▶ **Problem to work on**:
Every line below from the one containing "Examined material. All" through the one containing "The display of antique race cars" is to be printed exactly, with the pictures omitted.

▶ **Information provided**:
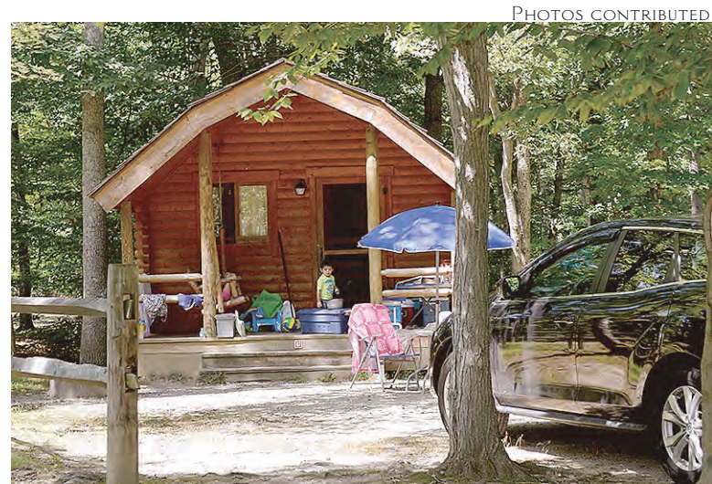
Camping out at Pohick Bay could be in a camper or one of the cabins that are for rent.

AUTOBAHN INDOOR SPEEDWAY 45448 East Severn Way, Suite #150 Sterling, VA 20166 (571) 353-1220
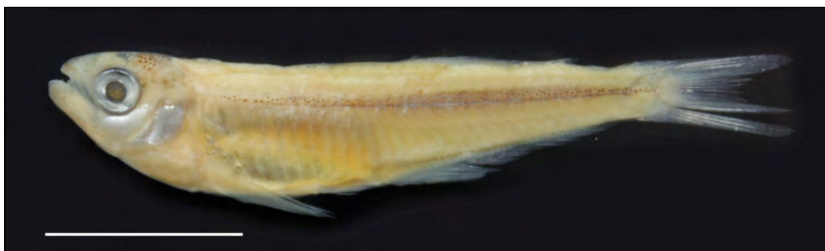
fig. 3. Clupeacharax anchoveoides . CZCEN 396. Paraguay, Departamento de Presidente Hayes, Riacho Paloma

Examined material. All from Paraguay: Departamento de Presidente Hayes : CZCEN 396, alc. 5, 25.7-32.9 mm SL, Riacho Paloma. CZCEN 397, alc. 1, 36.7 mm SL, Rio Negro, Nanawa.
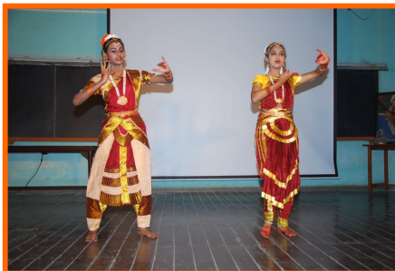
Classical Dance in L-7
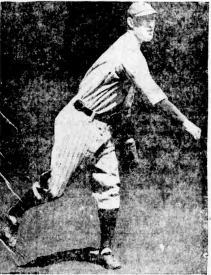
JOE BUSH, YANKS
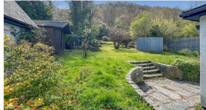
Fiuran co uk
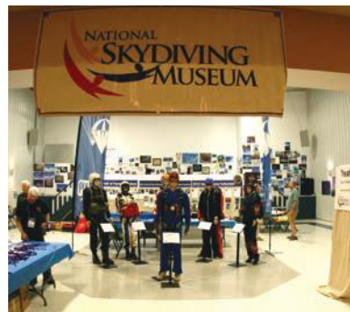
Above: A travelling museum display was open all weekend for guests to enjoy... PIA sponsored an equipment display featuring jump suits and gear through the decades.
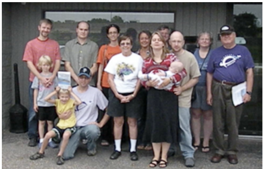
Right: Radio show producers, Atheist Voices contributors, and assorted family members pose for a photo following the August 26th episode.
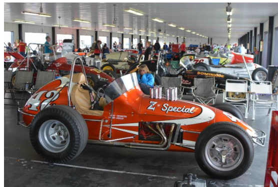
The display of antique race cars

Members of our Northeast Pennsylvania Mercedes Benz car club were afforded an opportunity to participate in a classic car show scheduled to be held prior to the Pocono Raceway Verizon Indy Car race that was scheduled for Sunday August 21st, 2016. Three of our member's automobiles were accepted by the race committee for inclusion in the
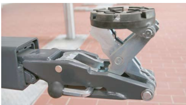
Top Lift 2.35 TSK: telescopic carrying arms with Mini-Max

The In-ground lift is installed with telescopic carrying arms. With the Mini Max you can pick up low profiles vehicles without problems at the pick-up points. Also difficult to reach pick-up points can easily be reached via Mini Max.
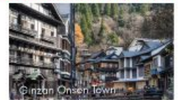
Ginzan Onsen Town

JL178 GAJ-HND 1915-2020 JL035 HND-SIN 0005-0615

▶ **Solution for this exercise**:
Examined material. All from Paraguay: Departamento de Presidente Hayes : CZCEN 396, alc. 5, 25.7-32.9 mm SL, Riacho Paloma. CZCEN 397, alc. 1, 36.7 mm SL, Rio Negro, Nanawa.
Classical Dance in L-7
JOE BUSH, YANKS
Fiuran co uk
Above: A travelling museum display was open all weekend for guests to enjoy... PIA sponsored an equipment display featuring jump suits and gear through the decades.
Right: Radio show producers, Atheist Voices contributors, and assorted family members pose for a photo following the August 26th episode.
The display of antique race cars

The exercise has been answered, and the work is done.